Fa i dovuti scongiuri ma conferma che la possibilità è concreta, Paola Inverardi, scienziata ed ex rettrice dell’Università dell’Aquila, che spiega come l’Italia è stata selezionata per ospitare uno dei super computer del futuro e il capoluogo abruzzese, che fa parte di un gruppo di ricerca composto da gran parte degli atenei di Abruzzo, Marche e Molise, oltre che del Gssi, potrebbe essere individuato come sede del Centro nazionale sui terremoti e il clima.

“È un’iniziativa stimolata dal Ministero dell’Università e della ricerca”, spiega a L’Aquilablog la Inverardi, rappresentante italiana della Impresa comune europea per il calcolo ad alte prestazioni, “che ha chiesto alla comunità accademica e di ricerca di lavorare a un progetto di questo genere. L’obiettivo è quello di avere un progetto strutturato da andare a presentare nell’ambito del Progetto Digital europe affinché possa essere finanziato, non sono previsti finanziamenti nazionali se non le risorse umane che ci stiamo mettendo noi”.

“Facilitatore è stato il professor Esposito su mandato dei ministri, prima Fioramonti e oggi Manfredi, c’è un grande investimento sul super computer Leonardo e l’Italia sarà in posizione estremamente vantaggiosa e l’Europa, che in modo deciso sta finanziando questa linea, è interessata a che l’utilizzo dell’htc esca dall’alveo della ricerca scientifica e trovi diffusione più estesa”, spiega l’ex rettrice, “perché ha un’ottima capacità di calcolo”.

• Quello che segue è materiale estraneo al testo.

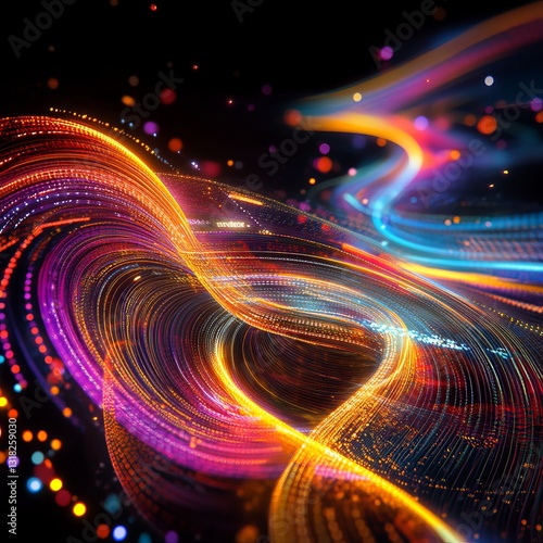 The watermark will not be included on Canvas Print.: This mesmerizing abstract image showcases vibrant swirling light trails in a dynamic digital space,
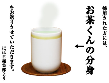 | お寄せいただいた作品は大切にキープしております。 採用された方にはもれなく 私の分身をプレゼントいたしております。 ツイッターで投稿された方には こちらからツイッターを通して メッセージを返信致しますが、 もし連絡がない場合は当企画までご連絡ください。 それではみなさまの日曜に幸アレ!(茶柱) |
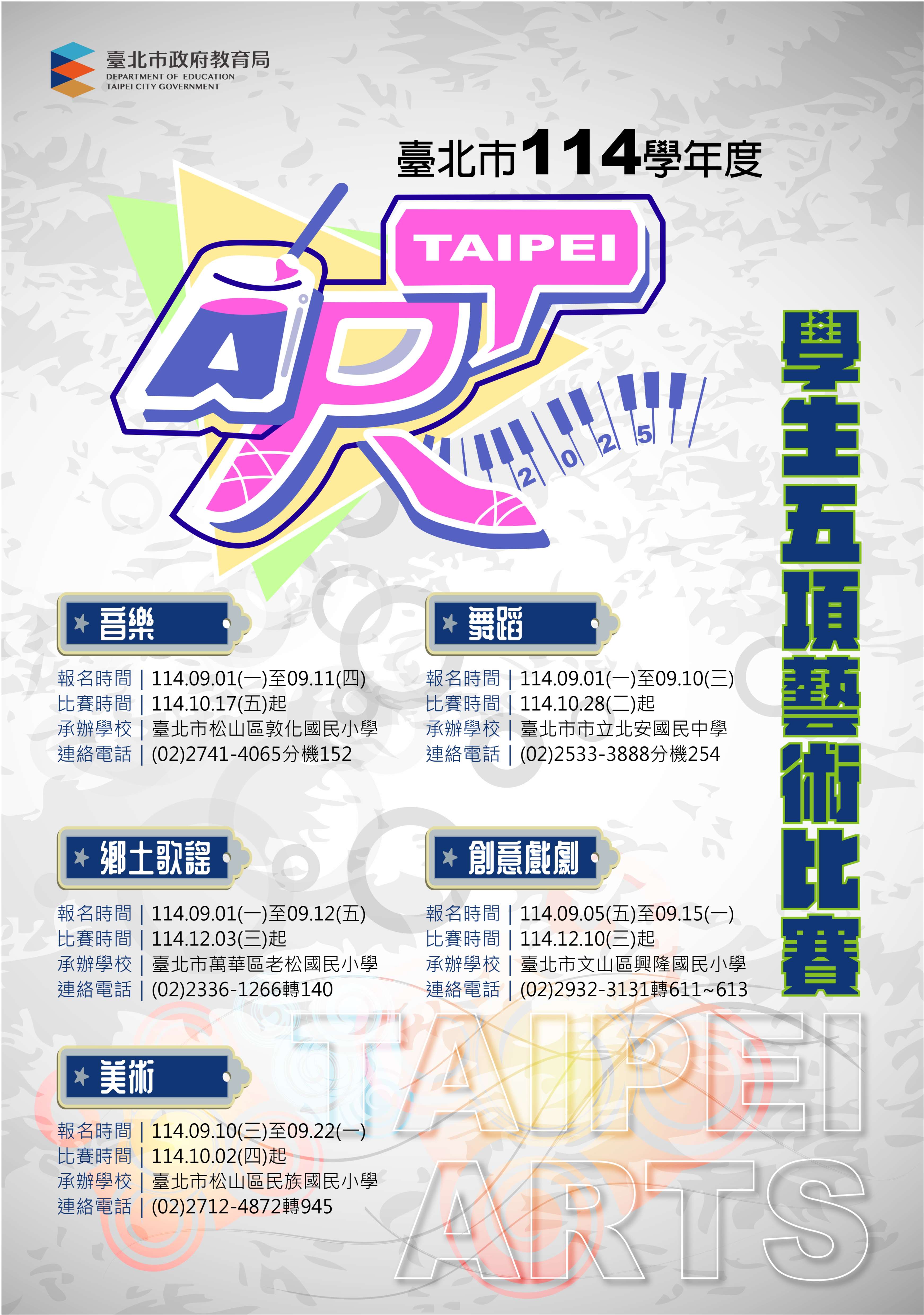 114學年度臺北市學生舞蹈比賽現正報名中,敬請把握時間!相關內容,詳如附件。
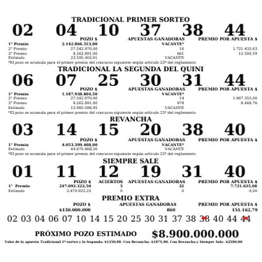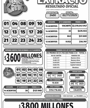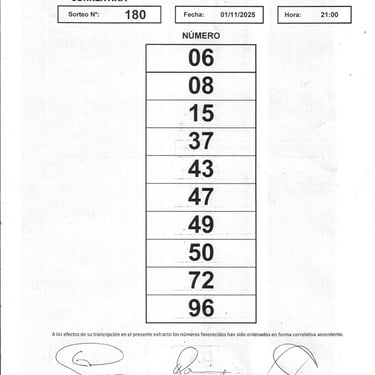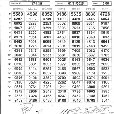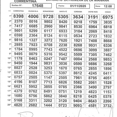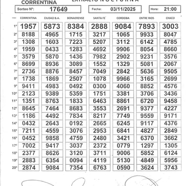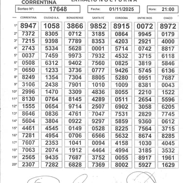 Resultados de Quiniela y Otros Juegos 01 y 02/11/2025
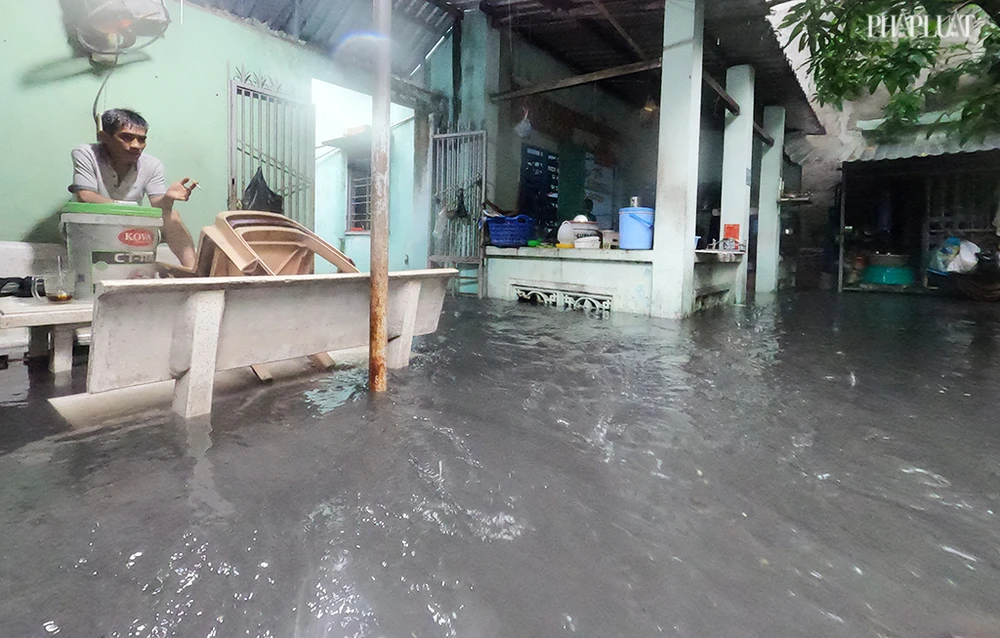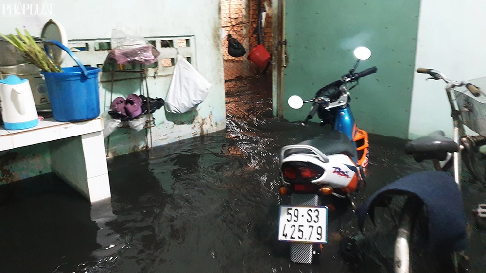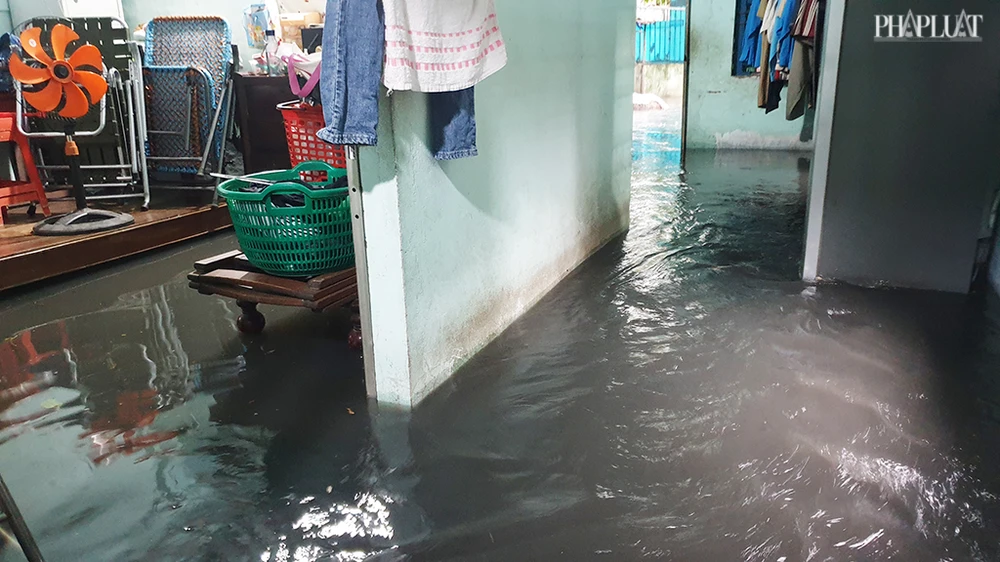 Tại căn nhà trong con hẻm đường Nguyễn Văn Quá (phường Đông Hưng Thuận) nước cống tràn vào, có chỗ sâu hơn nửa mét, bốc mùi khó chịu. Ảnh NT

“L’idea è quella di pensare a dei centri satellite che abbiano una specializzazione su dei domini applicativi – aggiunge – e il primo che è partito come iniziativa è stato proprio questo, un progetto di resilienza rispetto ai disastri naturali. L’idea è che ci sia una spinta anche dal basso, perché quelle calate dall’alto non reggono, che parta con il coinvolgimento importante delle Regioni che sono più sensibili a questa tematica, nelle nostre programmazioni il tema dei disastri, per noi quello sismico in particolare, è nell’agenda e lo sarà ancora per molti anni”.

“La visione evocata dalla Commissione europea è quella che avendo una capacità di calcolo così grande e la tecnologia per riuscire ad avere moltissimi dati rispetto al mondo che ci circonda”, rileva la Inverardi, “può permettere di avere il digital twin, un’immagine digitale dei fenomeni che ti interessano, nel caso del terremoto il punto da dove si sprigiona l’energia e come arriva in superficie e si ripercuote sui manufatti che si trovano sulla superficie”.

“Con il livello di conoscenze e di incertezze che abbiamo, costruire modelli digitali affidabili richiede un’enorme quantità di dati e di capacità di calcolo”, spiega ancora l’ex rettrice, che tiene a precisare come “un Centro ci sarà ma non è ancora chiaro dove, andrà concordato dove farlo, lo sforzo enorme è stato quello di metterci tutti intorno a un tavolo in una prospettiva che ha degli attori nazionali”.

L’obiettivo, come ha svelato Il Corriere della Sera, è di creare attorno al consorzio interuniversitario italiano Cineca di Bologna, dove avrà sede uno dei super computer, una rete di centri di competenze che associno università, istituti di ricerca e imprese per molteplici applicazioni.

Fra gli altri, è stata definita l’istituzione di un centro d’eccellenza che supporti le decisioni di allerta e mitigazione dell’impatto relativamente a quelle che sono situazioni di rischio. Prevalentemente rischio sismico, ma anche cambiamento climatico e gestione di quelle che possono essere situazioni di fragilità sanitaria, come la pandemia da covid-19.